Dataset entries
☆ ☆ ☆

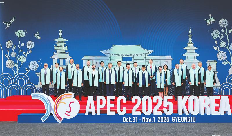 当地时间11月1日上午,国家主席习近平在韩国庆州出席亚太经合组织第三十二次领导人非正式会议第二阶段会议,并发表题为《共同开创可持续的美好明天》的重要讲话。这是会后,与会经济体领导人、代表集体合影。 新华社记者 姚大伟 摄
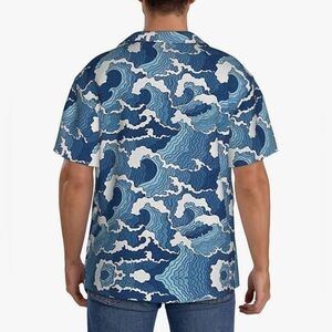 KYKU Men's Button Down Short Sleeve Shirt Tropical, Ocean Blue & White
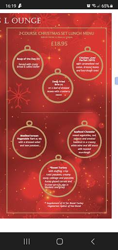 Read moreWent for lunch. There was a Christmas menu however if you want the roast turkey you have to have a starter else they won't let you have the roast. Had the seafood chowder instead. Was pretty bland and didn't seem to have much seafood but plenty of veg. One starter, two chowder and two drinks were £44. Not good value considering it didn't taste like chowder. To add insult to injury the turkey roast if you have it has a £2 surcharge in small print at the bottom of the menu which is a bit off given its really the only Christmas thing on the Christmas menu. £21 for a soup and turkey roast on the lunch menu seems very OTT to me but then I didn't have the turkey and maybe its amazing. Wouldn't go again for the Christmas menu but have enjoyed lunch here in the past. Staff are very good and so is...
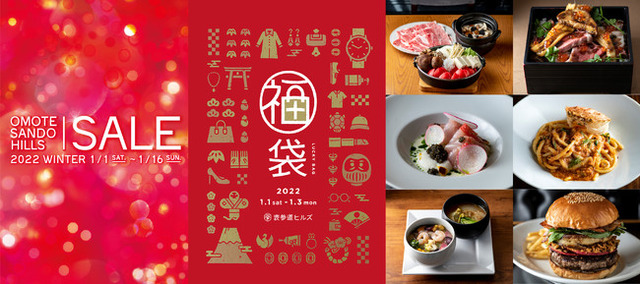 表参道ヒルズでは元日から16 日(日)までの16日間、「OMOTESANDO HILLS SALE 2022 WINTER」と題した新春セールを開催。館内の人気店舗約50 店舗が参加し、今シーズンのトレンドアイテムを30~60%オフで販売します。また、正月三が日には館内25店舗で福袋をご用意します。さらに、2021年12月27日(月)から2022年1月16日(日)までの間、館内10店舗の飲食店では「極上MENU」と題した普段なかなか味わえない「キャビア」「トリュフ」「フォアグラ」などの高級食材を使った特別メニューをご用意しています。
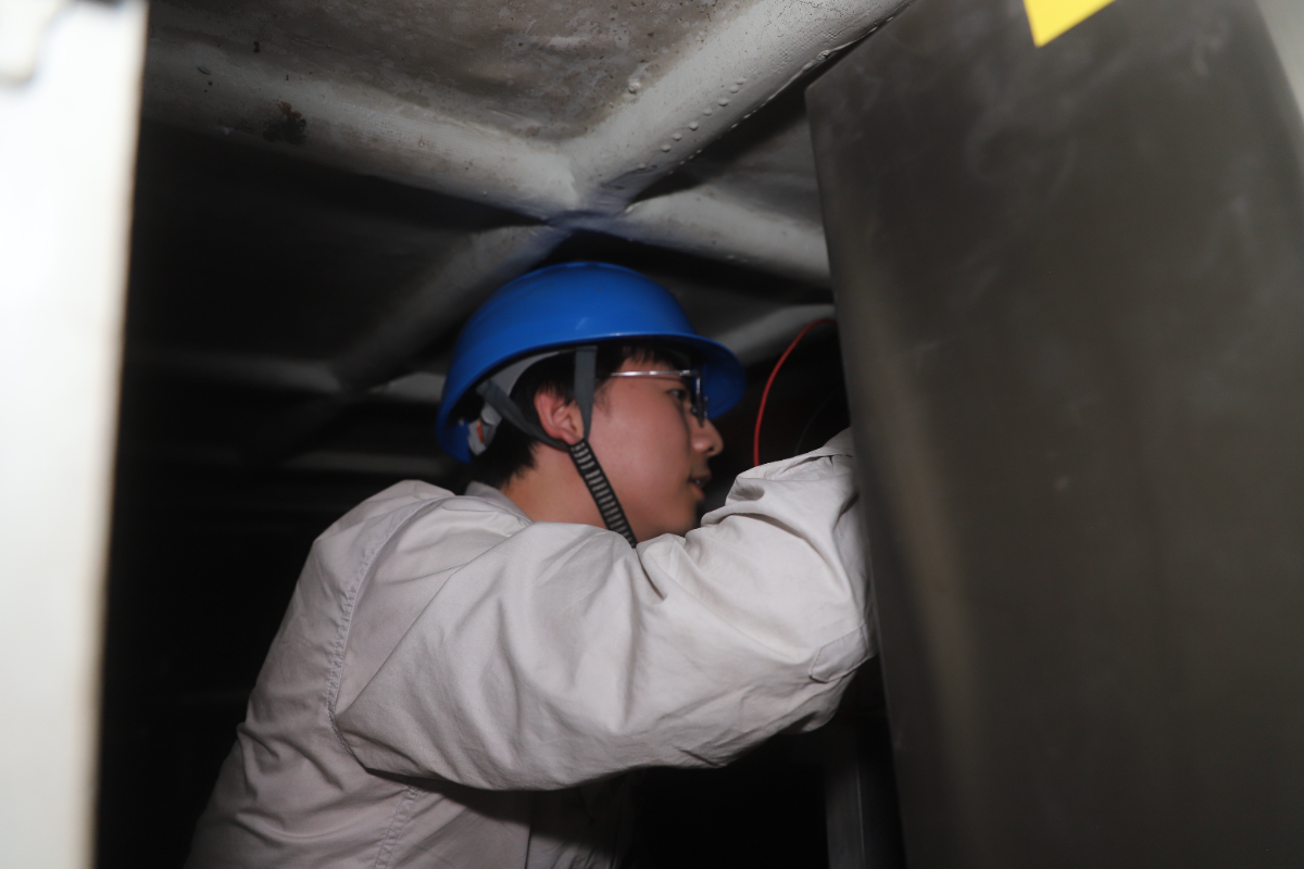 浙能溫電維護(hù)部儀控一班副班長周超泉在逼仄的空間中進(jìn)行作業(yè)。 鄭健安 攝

☆ ☆ ☆

* **ABOUT THIS TASK**
Begin at the line containing "表参道ヒルズでは元日から16 日(日)までの16日間、「OMOTESANDO HILLS" and extract every line through the end of the records, inclusive, exactly and only; omit pictures.

* **ANSWER BELOW**
 表参道ヒルズでは元日から16 日(日)までの16日間、「OMOTESANDO HILLS SALE 2022 WINTER」と題した新春セールを開催。館内の人気店舗約50 店舗が参加し、今シーズンのトレンドアイテムを30~60%オフで販売します。また、正月三が日には館内25店舗で福袋をご用意します。さらに、2021年12月27日(月)から2022年1月16日(日)までの間、館内10店舗の飲食店では「極上MENU」と題した普段なかなか味わえない「キャビア」「トリュフ」「フォアグラ」などの高級食材を使った特別メニューをご用意しています。
 浙能溫電維護(hù)部儀控一班副班長周超泉在逼仄的空間中進(jìn)行作業(yè)。 鄭健安 攝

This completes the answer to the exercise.